Md
md
Parameters
- steps=integer (required)
- dt=real
- (default: 0.05)
- level=integer
- (default: 0)
- temperature=string
- (default: 0.1)
- accuracy=string
- (default: 0.0)
- tau=real
- (default: 0.0)
- nprint=integer
- (default: 0)
- tinit=real
- (default: 0.0)
- estart=real
- (default: 0.01)
- angdev=real
- (default: 10.0)
- vdwupdate=integer
- (default: 100)
- exact
- continue
Description
This command performs molecular dynamics simulation in torsion angle space (torsion angle dynamics) with the following parameters:
steps number of time steps dt time step length level maximal residue index difference for restraints that are included into the target function temperature temperature of the heat bath to which the system is coupled, or 0.0 for a simulation at constant total energy accuracy desired relative accuracy of energy conservation for automatic time step length adaption, or 0.0 for a simulation with constant time step length tau coupling constant for temperature and time step length updates, given in units of the time step length nprint bumber of time steps between intermediate output tinit initial time estart initial temperature (kinetic energy per degree of freedom) angdev maximal change of a dihedral angle (in degrees) between two updates of the van der Waals pair list vdwupdate maximal number of TAD steps between two updates of the van der Waals pair list
The md command can start a new torsion angle dynamics run, or, if the option continue is set, continue a preceding torsion angle dynamics calculation. A new molecular dynamics trajectory starts at time tinit (normally 0.0) with random torsional velocities, chosen as Gaussian random variables such that the initial temperature (kinetic energy per degree of freedom) equals estart. If the md command is used to continue a previous calculation, then the velocities from the end of the previous md command are used and all parameters that are not specified explicitly are kept at the values of the previous md command. The parameters tinit and estart are not allowed in conjunction with the continue option.
If the parameter temperature is set to 0.0, a molecular dynamics simulation at constant energy is performed. Normally, however, the system is weakly coupled to a heat bath of the given temperature with a time constant of tau times the time step length (Berendsen et al., 1984). The temperature can either be a constant or a function of the parameter s, which varies linearly from 0 to 1 during the time steps that are performed during the execution of the md command, i.e., s(n) = (n - 1)/(N - 1) for step n out of a total of N time steps, where N denotes the value of the parameter steps.
If the accuracy reference value for the accuracy of energy conservation has a positive value, then the length of the integration time step will be adapted during the molecular dynamics simulation such that the relative change of the total energy in successive integration steps is close to the given accuracy. The adaption of the time step length works in the same way as the temperature control. The time step length corresponds to the torsional velocities, and the relative change of the total (kinetic plus potential) energy corresponds to the temperature. In this case, the parameter dt specifies the only initial value for the time step length.
The van der Waals interaction pair list is updated after at most vdwupdate torsion angle dynamics steps or whenever a torsion angle has changed its value by more than angdev degrees since the last update of the an der Waals interaction list.
The "leap-frog" algorithm is used to perform the torsion angle dynamics steps. Usually, torsional accelerations are computed on the basis torsional velocity values that are linearly extrapolated from those half a time-step earlier. More exact torsional acceleration values that are calculated iteratively (Mathiowetz et al., 1994) will be used if the option exact is set.

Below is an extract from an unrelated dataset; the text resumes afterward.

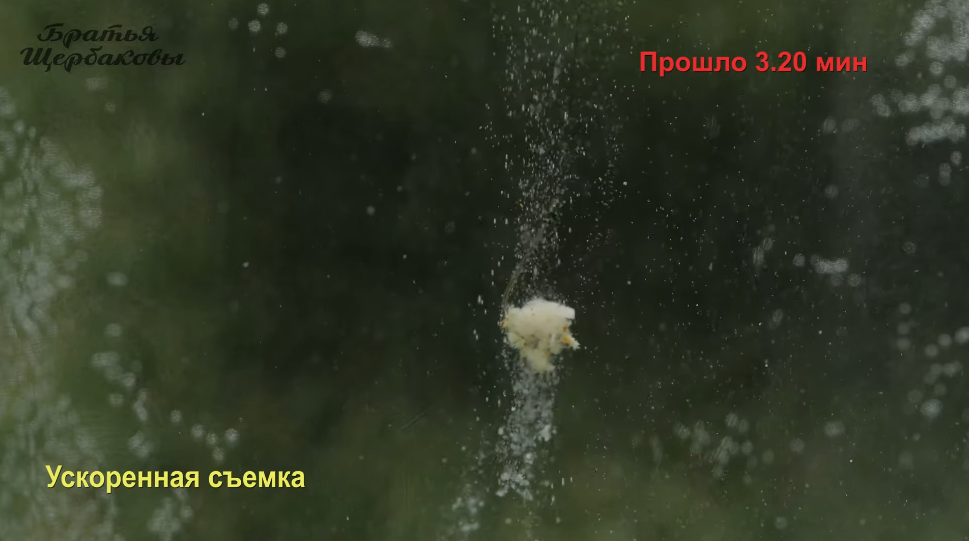 Формируем на крючке колобок и опускаем в воду. Время пошло. Колобок теста начинает интенсивно пылить и постепенно сыпаться.
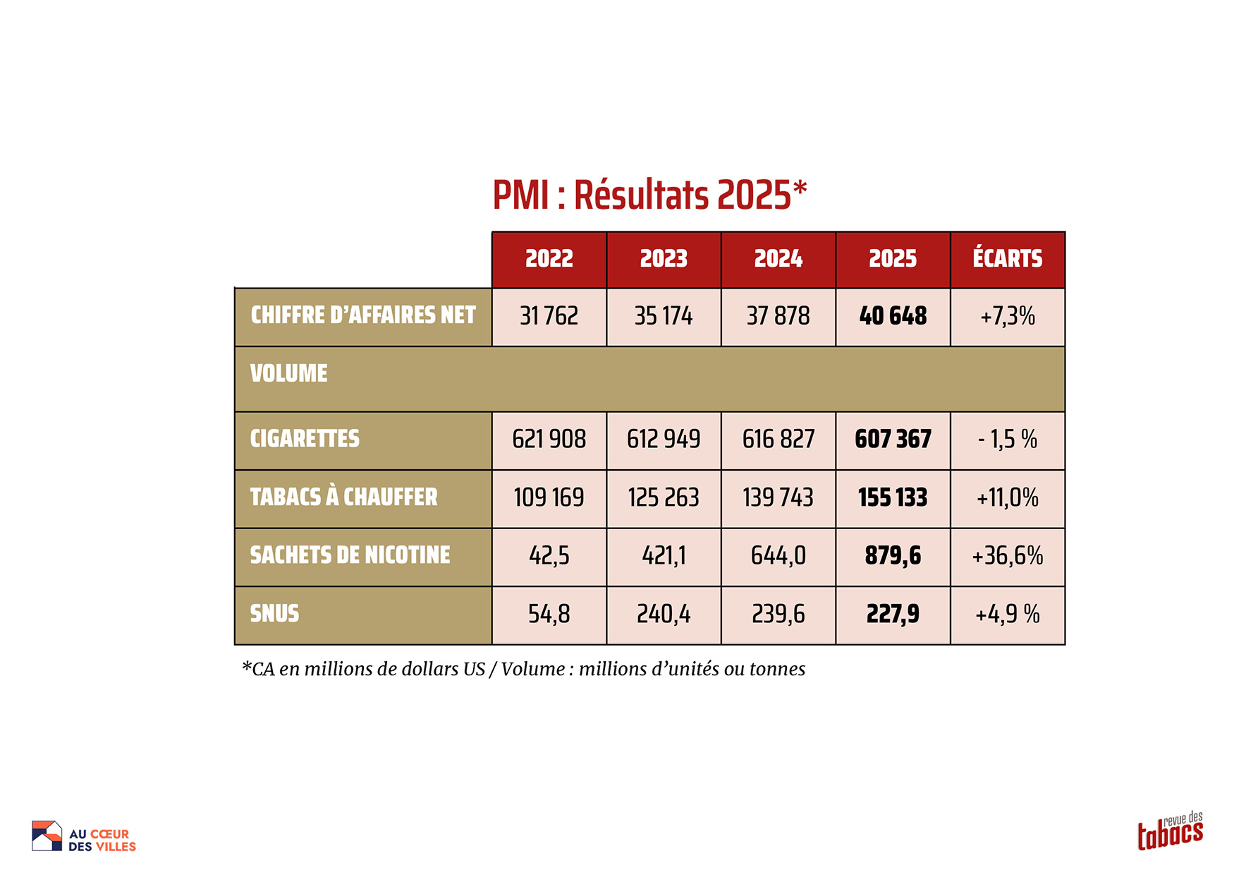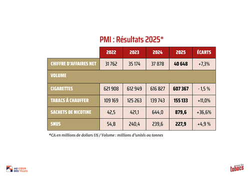 6 février 2026. Le cigarettier américano-suisse a publié ses résultats mondiaux 2025 (de janvier à décembre), avec une série de bonnes nouvelles : +7,3% en chiffre d'affaires net (tous produits confondus) ; ainsi que par ailleurs en tonnage ou millions d'unités : -1,5% en cigarettes et +11% en tabac chauffé (qui sont les deux principaux segments de PMI en volume), ou encore +36,6% en sachets de nicotine. Ainsi, en millions de cigarettes, on constate une petite baisse en 2025 et 2023, après une très légère amélioration en 2024. Sur les quatre dernières années, on observe que les tabacs à chauffer progressent nettement et c'est surtout en snus et même essentiellement en sachets de nicotine que les volumes gagnent du terrain : en passant de 42,5 millions d'unités en 2022 à 879,6 millions de « pouches » en 2025, soit +1 969,7%.

One line of output is written every nprint time steps, giving the current step, current time, potential energy (target function value), kinetic energy, total energy, the root-mean-square torsion angle change per time step (in degrees; averaged over all time steps since the last output), the maximal torsion angle change per time step (in degrees; since the last output), the number of updates of the van der Waals interaction list since the last output, and the number of target function evaluations since the last output. For example:
step time Epot Ekin Etot rmsdev maxdev #up #f 0 0.000 17817.672 5776.000 23593.672 1 1 200 13.778 4367.090 7321.274 11688.363 2.842 18.576 4 204 400 28.471 2896.928 6002.219 8899.147 2.763 16.301 4 206 600 42.374 2464.380 6988.264 9452.645 2.330 13.941 4 200 800 60.234 2496.055 6167.296 8663.351 2.815 15.211 4 200 1000 76.882 1654.211 5322.900 6977.111 2.779 15.591 4 200
Intermediate output is written only if the parameter nprint has a positive value. All energies are measured in target function units. Temperatures are measured in target function units per degree of freedom. Each rotatable torsion angle constitutes a degree of freedom.
A warning is printed if in a single time step the value of a dihedral angle changed by more than 35, and an error occurs if the change exceeds 90 degrees.
Further reading:
- Guntert et al. J. Mol. Biol. 278, 353-378 (1997).
- Jain et al. J. Comput. Phys. 106, 258-268 (1993).
- Matthiowetz et al. Proteins 20, 227-247 (1994).
- Berendsen et al. J. Chem. Phys. 81, 3684-3690 (1984).